Higher minimum wage in California feels like a win for retail workers, and maybe for the state in general, but the picture isn't so clear when you take a closer look.
Earlier this week, California Governor Jerry Brown signed a law raising the state's minimum wage to $15 by 2022. Specifically, the statewide minimum wage will increase from $10 an hour to $10.50 an hour on Jan. 1, 2017, then up to $11 an hour on Jan. 1, 2018. From there it will increase by $1 annually until reaching $15 an hour on Jan. 1, 2022. At the signing ceremony, Brown explained that while the minimum wage increase might not make sense economically, it is necessary from a moral and political standpoint, as it "binds the community together and makes sure that parents can take care of their kids in a much more satisfactory way."
The retail industry relies heavily on hourly workers, and as such it will certainly be impacted by the wage increase. For retail employees in California this likely feels like a win, but if you dig a little deeper and consider the potential impact on the California retail industry as a whole, you'll find that it's not so cut and dry.

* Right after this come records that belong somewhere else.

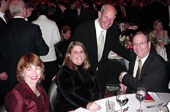 Jonathan Tisch (standing) visits with members of the BMI staff at the Hospitality Heritage Award Dinner Tribute of the American Hotel & Lodging Association. The Philadelphia event honored the Tisch family, who founded Loews Hotels, for their professional achievements and commitment to social responsibility. Jonathan Tisch, Chairman and CEO of the Loews Corporation, also has assisted the National Academy of Recording Arts and Science as a representative of the corporate community of New York. Seated at the table (L-R) are Michele Reynolds, Assistant Vice President, Marketing and Industry Relations, BMI General Licensing; Teresa Stafford-Scherer, Senior Director, BMI General Licensing; and Charlie Feldman, Vice President, BMI Writer/Publisher Relations, New York.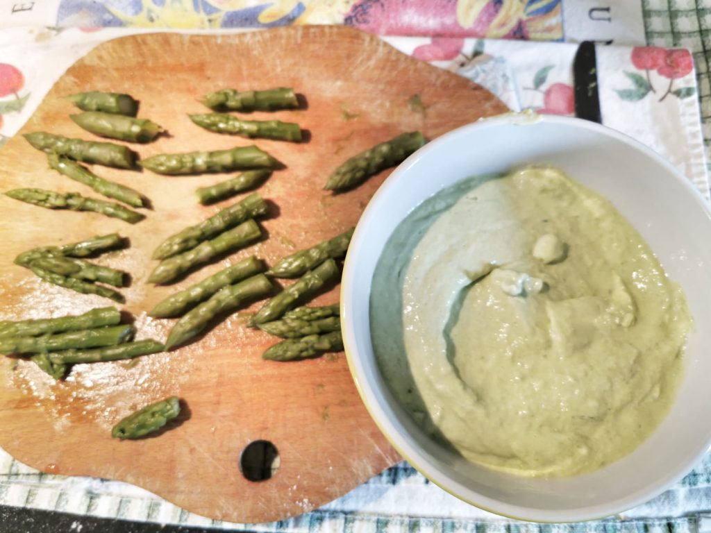 Uma vez prontos, corte os talos, obtendo pedaços de aspargo de 6-7 cm, reserve e bata o restante dos talos com a ajuda de um mixer, adicione 2 colheres de água e o queijo cremoso, bata até obter um creme homogêneo. Neste ponto, você terá o creme de aspargos, as pontas de aspargos e os pedaços de aspargos, coloque tudo de lado.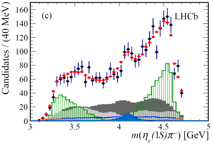 Το σωματίδιο Zc–(4100) (μπλε συντονισμός κάτω) συνεισφέρει στο αντίστοιχο «καρούμπαλο» των πειραματικών δεδομένων.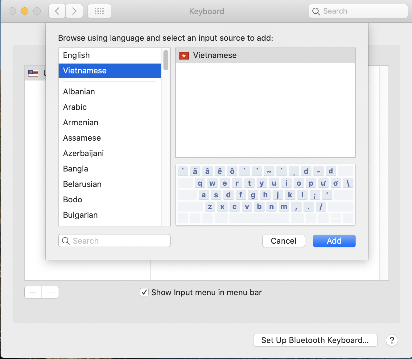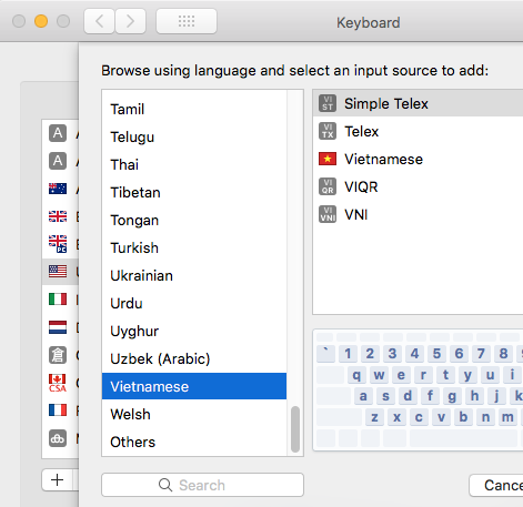 I can’t find telex keyboard (Vietnamese) on MacBook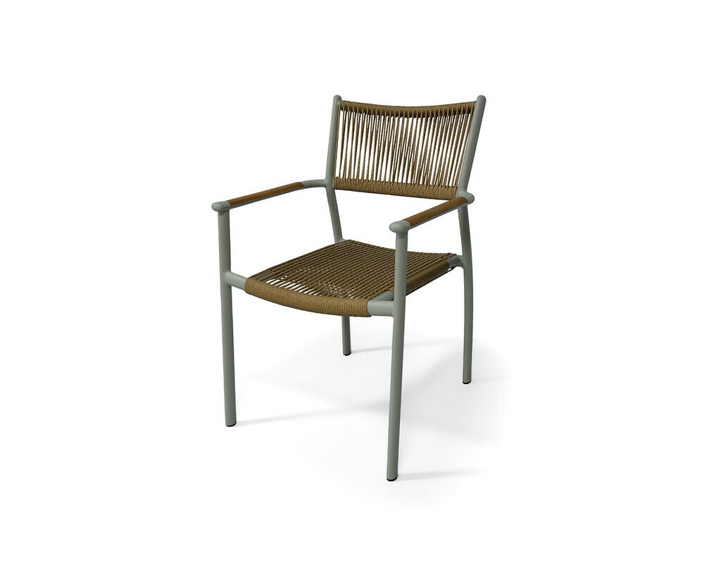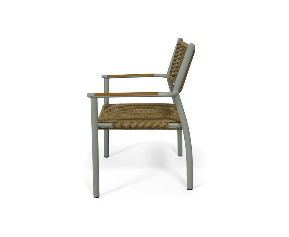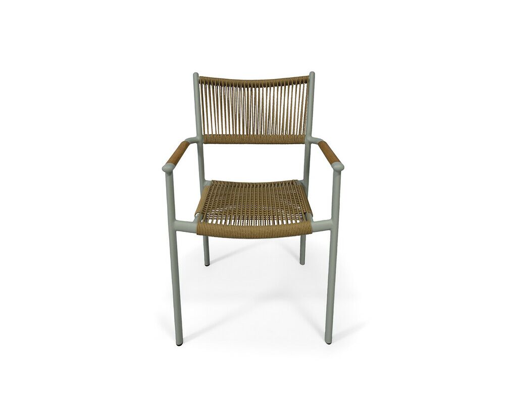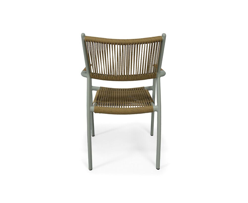 Каркас стула выполнен из легкого, но прочного алюминия, обработанного порошковым покрытием в нежном светло-сером оттенке. Это покрытие не только придает стулу элегантный вид, но и обеспечивает устойчивость к воздействию окружающей среды, делая его идеальным выбором для использования на открытом воздухе.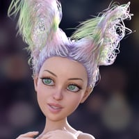 This conforming wig has just enough dForce surface to aid in collision without losing its shape, but it will not drape in response to gravity, giving you a one-of-a-kind hairstyle for your library.

Fighting to provide all Californians with livable wages is a noble concept. This increase could very well mean that a single parent can work one job instead of two and have more time to spend with his or her children -- and that's an undeniably good thing. It's also possible that higher wages will drive spending and put more money back into the economy, which would also be a positive outcome. Finally, the wage increase could lead to a happier workforce, less turnover, better efficiency and lower onboarding costs for employers.
On the other hand, we can't ignore the fact that this change presents a serious increase in operational costs for business owners. The first annual increase -- going from $10 to $10.50 starting Jan. 1, 2017 -- will tack on an extra $1,040 per year to maintain an hourly worker putting in 40 hours per week. Let's say a small apparel contractor in Los Angeles has a shop with 15 hourly workers. If that business owner wants to keep the existing staff at full capacity for the year, he or she needs to commit an additional $15,600 to labor. By 2020 that number will jump to $156,000.
There are a few ways in which business owners can work to absorb these costs.
One way is to cut jobs and require increased output from the remaining workforce. While an employer could opt to decrease the number of hours for each worker, the more logical approach would be to keep the most experienced and productive workers at their current schedules. This creates increased competition for fewer jobs, albeit higher-skilled jobs.
Another likely option is that prices will rise. Let's go back to that hypothetical apparel contractor -- in this instance, the business owner would charge its retail partners more for its services, and in turn that retailer would likely pass the increase down to the consumer, in some cases negating their higher income. And of course, there's always the option for California apparel manufacturers to increase production overseas, something that's already increasingly appealing because of the looming Trans Pacific Partnership.
One potentially neutral result that often accompanies increases in labor costs is innovation to improve efficiency and reduce headcount. For example, with more consumers using smartphones as a research tool while shopping in stores, retailers can leverage mobile technology to optimize in-store experiences while reducing the number of sales associates. Eventually we may soon see customers make in-store purchases by scanning a QR code on their smartphones, having been assisted by a virtual sales associate.
Additionally, with more customers buying online, we'll see increased adoption of technologies that expedite the supply chain and improve margins. For example, Hudson's Bay Co. recently announced plans to implement a new robot system in its Toronto distribution center called Perfect Pick, which CEO Jerry Storch says will operate six-to-10 times faster than human stock pickers.
The truth is, nobody knows exactly how everything will unfold for California's retail industry. It is possible that the increased minimum wage will result in less employee turnover and increased consumer spending, which could help to offset the higher operational costs. It is also possible that a significant number of retail jobs will be cut, and some entire companies will have to close because they can't keep up with overhead. It's too soon to tell exactly what impact the wage increase will have, but companies that are agile and effectively balance fewer but higher-skilled labor costs are most likely to prevail long-term.
This article is commentary by an independent contributor. At the time of publication, the author held no positions in the stocks mentioned.